CONSULTING AGREEMENT
THIS CONSULTING AGREEMENT, dated as of March 25, 1997 by and between
LifeRate Systems, Inc., a Minnesota corporation (the "COMPANY") and Xxxxxxx X.
Xxxxxxx, M.D., the manager and principal member of APF, LLC, an individual
presently residing in the State of Oregon ("Consultant").
A. The Company and Consultant desire to establish a consulting
arrangement under which Consultant would serve as consultant and senior advisor
to the Company.
B. The Company desires reasonable protection of its confidential
business and technical information that has been acquired and is being developed
by the Company at substantial expense.
C. Consultant has functioned as the co-inventor and system architect
for the Company for the past two years and wishes to continue to work with the
Company in this regard.
D. The Company wishes to obtain reasonable protection against unfair
competition from Consultant following termination of engagement and to further
protect against unfair use of its confidential business and technical
information and Consultant is willing to grant the Company the benefits of a
covenant-not-to-compete for these purposes.
In consideration of the foregoing and of the respective covenants and
agreements of the parties herein contained, the receipt and sufficiency of which
consideration are hereby acknowledged, the parties hereto agree as follows:
1. Consultancy and Senior Advisor.
(a) The Company agrees to retain Consultant as a consultant and senior
advisor, and Consultant agrees to serve the Company, on the terms and conditions
set forth herein. The retention of Consultant by the Company as a consultant and
senior advisor shall be for the period commencing on April 1, 1997 and expiring
April 1, 2002 (the "Expiration Date"), unless such consultancy shall have been
sooner terminated as hereinafter set forth in Section 4.
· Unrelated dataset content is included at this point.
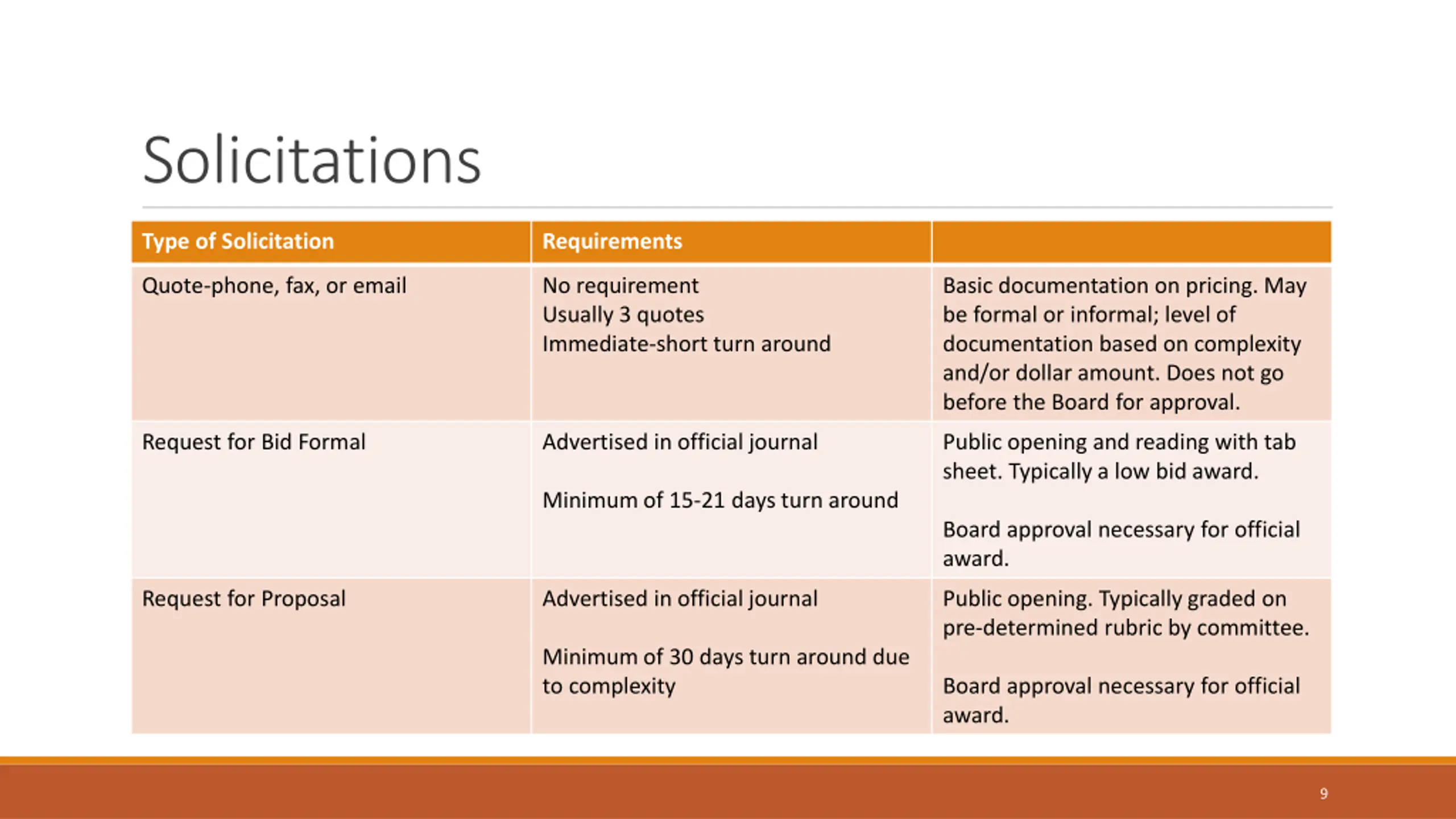 Solicitations Type of Solicitation Requirements Quote-phone, fax, or email No requirement Usually 3 quotes Immediate-short turn around Basic documentation on pricing. May be formal or informal; level of documentation based on complexity and/or dollar amount. Does not go before the Board for approval. Request for Bid Formal Advertised in official journal Public opening and reading with tab sheet. Typically a low bid award. Minimum of 15-21 days turn around Board approval necessary for official award. Request for Proposal Advertised in official journal Public opening. Typically graded on pre-determined rubric by committee. Minimum of 30 days turn around due to complexity Board approval necessary for official award. 9

(b) This Agreement shall be renewable for subsequent two (2) year
periods upon mutual agreement of the parties.
2. Title and Responsibilities.
(a) Consultant shall have the titles of Senior Adviser and System
Architect.
(b) In Consultant's role hereunder as System Architect, Consultant
shall report to the Company's Vice President--Development and will be
responsible for providing expert level understanding of application of
information systems in the clinic and clinical administration. In such role,
Consultant shall have the responsibilities outlined on Exhibit A hereto, and
shall perform such other duties as the Vice President--Development and the
Consultant shall mutually determine.
(c) In Consultant's role hereunder as Senior Advisor, Consultant shall
perform such duties as the Chief Executive Officer and the Consultant shall
mutually determine from time to time, including, but not limited to, identifying
business opportunities, assistance in translating technology and health care
changes into business opportunities and promotion of the Company's products and
services.
(d) In order to permit Consultant to perform his duties as Senior
Advisor and System Architect, the Company, through the Vice President -
Development, shall inform Consultant of operations committee discussions (at
present through summaries of operating committee discussions currently produced
by the Vice President Development), including all major customer contracts,
development agreements, production scheduling, and marketing, strategic and
business plans. Vice President - Development shall provide any comments
expressed by the Consultant consistent with his role as Senior Advisor and
System Architect to the operations committee. Notwithstanding anything to the
contrary herein, the Company and its senior officers, and not Consultant, shall
have ultimate control over all such matters.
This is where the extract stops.